Collectd Opa error counters Python Plugin

Overview

This project contains a Python script ora_error.py that collects all Opa error counters on all OPA ports on infiniband fabric.

This script is designed to be used as a collectd Python plugin and directly from CLI (mostly for testing purpose).

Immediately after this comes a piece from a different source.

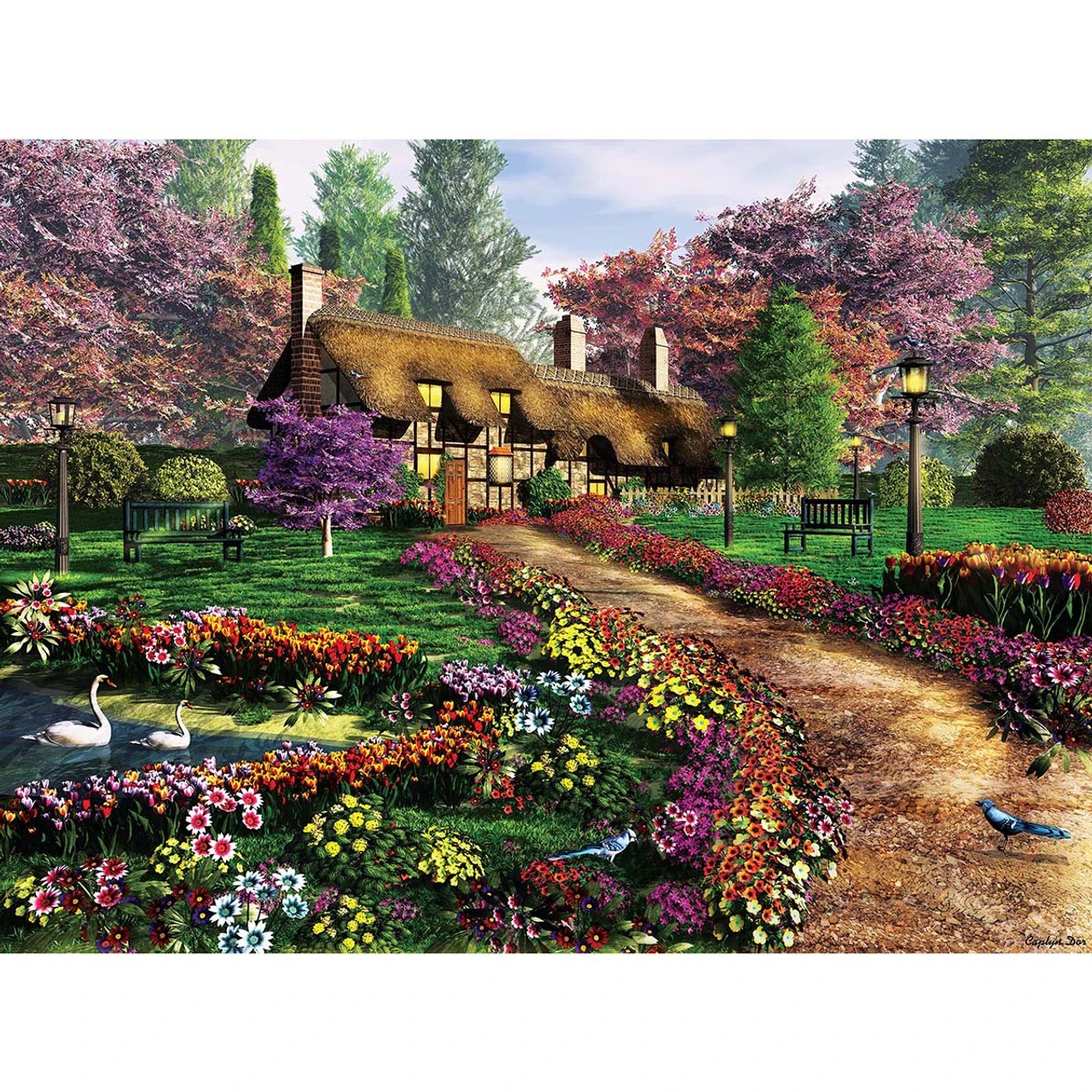1,000 pieces. An inviting cottage surrounded by beautiful flower gardens offers a relaxing escape and hours of puzzling fun. 27 x 20″ (69 x 51cm).
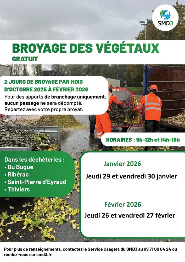 Campagne de Broyage de déchets verts à la Déchèterie du Bugue

This Python script relies on opaextracterror which is a bash script which call opaerror command.

Usage

CLI

Once the script is deployed on one node with Intel OPA CLI commands, just run the Python script:

python opa_error.py

Collectd plugin

Deploy the script on one of your Slurm cluster node (eg. batch controller) in the directory of your choice (eg. /usr/share/python/collectd/plugins/). Then add the module to your collectd.conf:

    LoadPlugin python

    <Plugin python>
       ModulePath "/usr/share/python/collectd/plugins"
       Import "opa_error"
    </Plugin>

Make sure to adjust the ModulePath value.

Description

See bellow description of thresolds collected by this plugin:

Errors: Signal Integrity Link Qual Indicator LinkQualityIndicator Uncorrectable Errors UncorrectableErrors Link Downed LinkDowned Rcv Errors RcvErrors Exc. Buffer Overrun ExcessiveBufferOverruns FM Config Errors FMConfigErrors Local Link Integ Err LocalLinkIntegrityErrors Link Error Recovery LinkErrorRecovery Rcv Rmt Phys Err RcvRemotePhysicalErrors Errors: Security Xmit Constraint XmitConstraintErrors Rcv Constraint RcvConstraintErrors Errors: Routing and Other Errors Rcv Sw Relay Err RcvSwitchRelayErrors Xmit Discards XmitDiscards

Licensing

This script is distributed under the terms of the GNU General Public License version 3, or any later version.